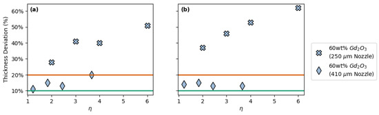 Overall thickness deviation vs. spacing ratio (η) for 60 wt% Gd2O3 prints using 250 µm and 410 µm nozzles with: (a) FCT geometries and (b) SC geometries.
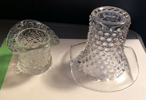 2 VINTAGE GLASS TOP HATS ~ DAISY & BUTTON & HOBNAIL
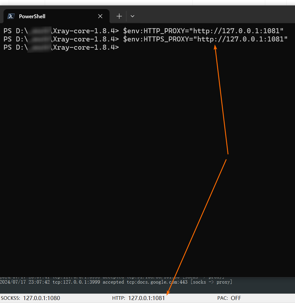 $env:HTTP_PROXY="http://127.0.0.1:1081"$env:HTTPS_PROXY="http://127.0.0.1:1081"
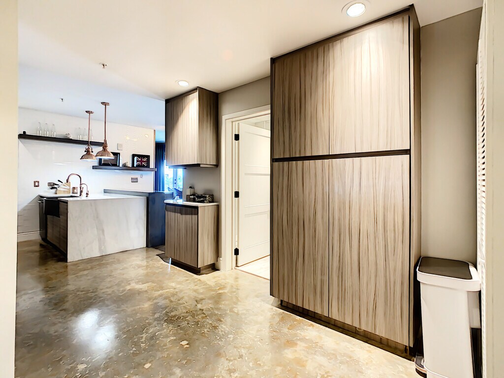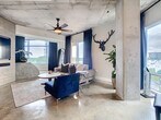Fully furnished, designer-reimagined corner unit at The Jackson in Thornton Park. This 2-bedroom, 2-bath condo includes two assigned parking spaces and is located just three blocks from Lake Eola on a quiet brick street in a boutique building with only 52 residences. Completely reconstructed and thoughtfully upgraded throughout, this smart home features Control4 automation, Ring doorbell, keyless entry, iPad control station, Ecobee thermostat, Sonos surround sound, Lutron dimmable lighting, Somfy electronic drapery, and Lotus lighting. The modern kitchen offers white Italian marble waterfall countertops, a sealed wood bar, GE and Whirlpool appliances, and a custom built-in dining table that seats up to 8. Soaring 10-ft concrete ceilings, polished concrete floors, and a custom media wall with a 75” Sony Bravia 4K TV complement the clean, loft-style aesthetic. Primary suite includes a king-sized built-in bed with hidden storage and a marble accent wall. Also included: a mini electric Suzuki baby grand piano, new A/C and water heater, Electrolux front-load washer/dryer, and professional cleaning + utilities. Second bedroom is currently set up as a reading and meditation lounge. 3D Virtual Tour available.
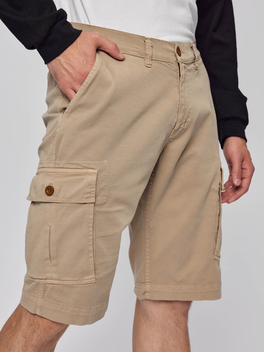 Мужские шорты-карго. Посадка Comfort fit (свободные по бедру), средняя посадка по талии спереди и высокая сзади, прямые к низу. Застежка на молнии. Шорты имеют боковые косые карманы, по бокам накладные карманы с клапаном застегивающиеся на  пуговицу, сзади имитация  прорезных карманов. Выполнены из слабоэластичной плотной ткани gabardine stretch. Крашение Garment dayed, т.е. покрашены в готовом виде после пошива. 98%Хлопок, 2%Эластан
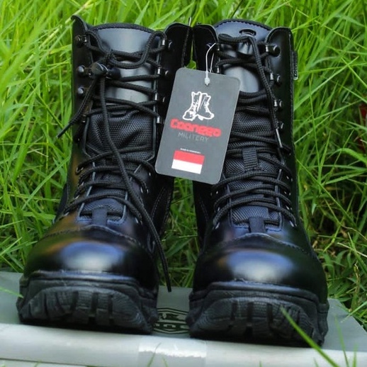 Sepatu PDL Jatah Polri TNI Kulit Asli Original CAANGGO Militery Hitam Tinggi 10 Inc Anti Slip
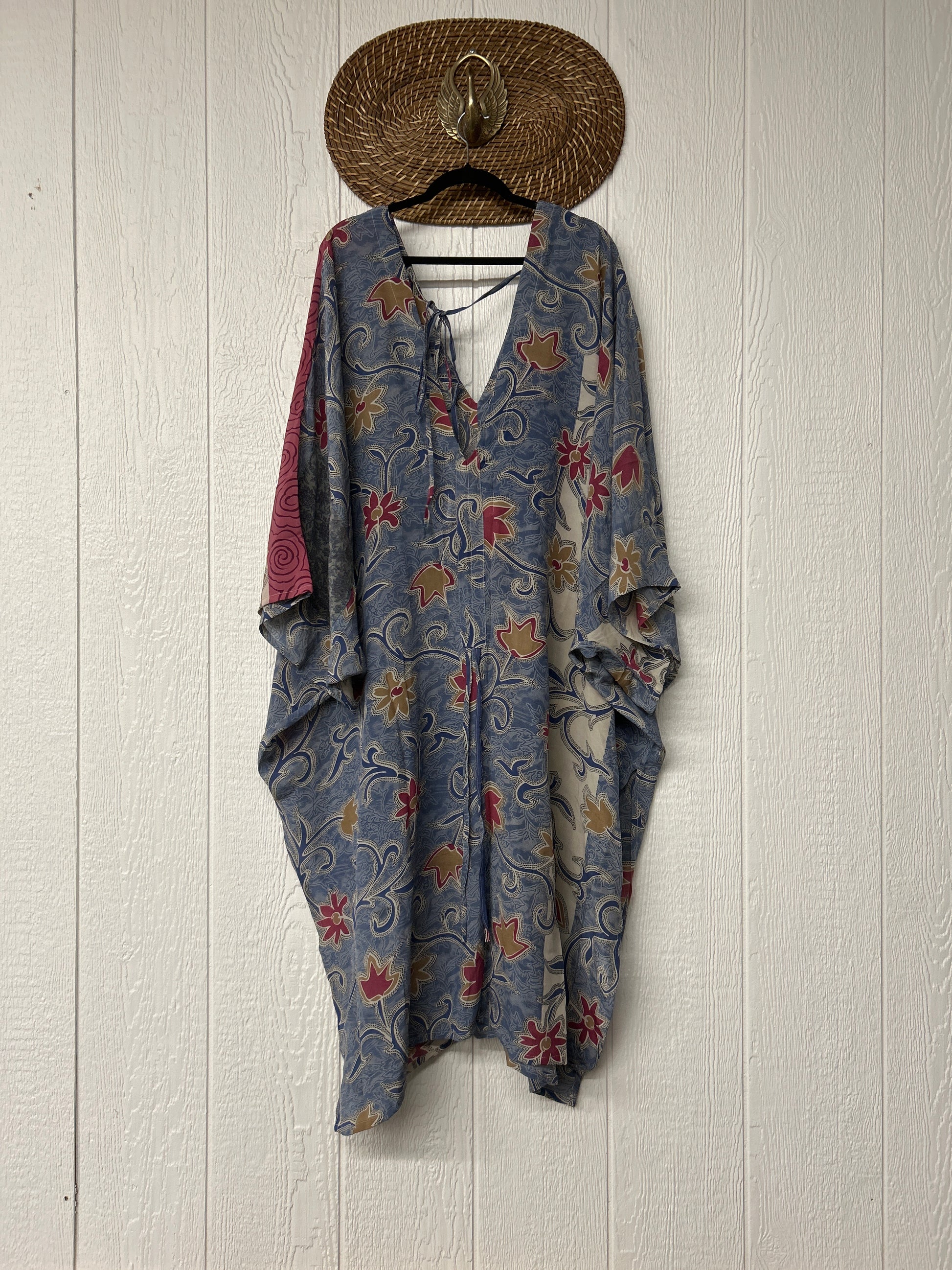 Fabrics may have small threads or holes in the layers. Color inconsistency or small stains may be present. The saris are sewn together and extend the life of each design. Imperfections should be celebrated.
* * * * * * *
Images are to be left out; everything else in the material must be written out exactly.

 Overall thickness deviation vs. spacing ratio (η) for 60 wt% Gd2O3 prints using 250 µm and 410 µm nozzles with: (a) FCT geometries and (b) SC geometries.
 2 VINTAGE GLASS TOP HATS ~ DAISY & BUTTON & HOBNAIL
 $env:HTTP_PROXY="http://127.0.0.1:1081"$env:HTTPS_PROXY="http://127.0.0.1:1081"
Fully furnished, designer-reimagined corner unit at The Jackson in Thornton Park. This 2-bedroom, 2-bath condo includes two assigned parking spaces and is located just three blocks from Lake Eola on a quiet brick street in a boutique building with only 52 residences. Completely reconstructed and thoughtfully upgraded throughout, this smart home features Control4 automation, Ring doorbell, keyless entry, iPad control station, Ecobee thermostat, Sonos surround sound, Lutron dimmable lighting, Somfy electronic drapery, and Lotus lighting. The modern kitchen offers white Italian marble waterfall countertops, a sealed wood bar, GE and Whirlpool appliances, and a custom built-in dining table that seats up to 8. Soaring 10-ft concrete ceilings, polished concrete floors, and a custom media wall with a 75” Sony Bravia 4K TV complement the clean, loft-style aesthetic. Primary suite includes a king-sized built-in bed with hidden storage and a marble accent wall. Also included: a mini electric Suzuki baby grand piano, new A/C and water heater, Electrolux front-load washer/dryer, and professional cleaning + utilities. Second bedroom is currently set up as a reading and meditation lounge. 3D Virtual Tour available.
 Мужские шорты-карго. Посадка Comfort fit (свободные по бедру), средняя посадка по талии спереди и высокая сзади, прямые к низу. Застежка на молнии. Шорты имеют боковые косые карманы, по бокам накладные карманы с клапаном застегивающиеся на  пуговицу, сзади имитация  прорезных карманов. Выполнены из слабоэластичной плотной ткани gabardine stretch. Крашение Garment dayed, т.е. покрашены в готовом виде после пошива. 98%Хлопок, 2%Эластан
 Sepatu PDL Jatah Polri TNI Kulit Asli Original CAANGGO Militery Hitam Tinggi 10 Inc Anti Slip
 Fabrics may have small threads or holes in the layers. Color inconsistency or small stains may be present. The saris are sewn together and extend the life of each design. Imperfections should be celebrated.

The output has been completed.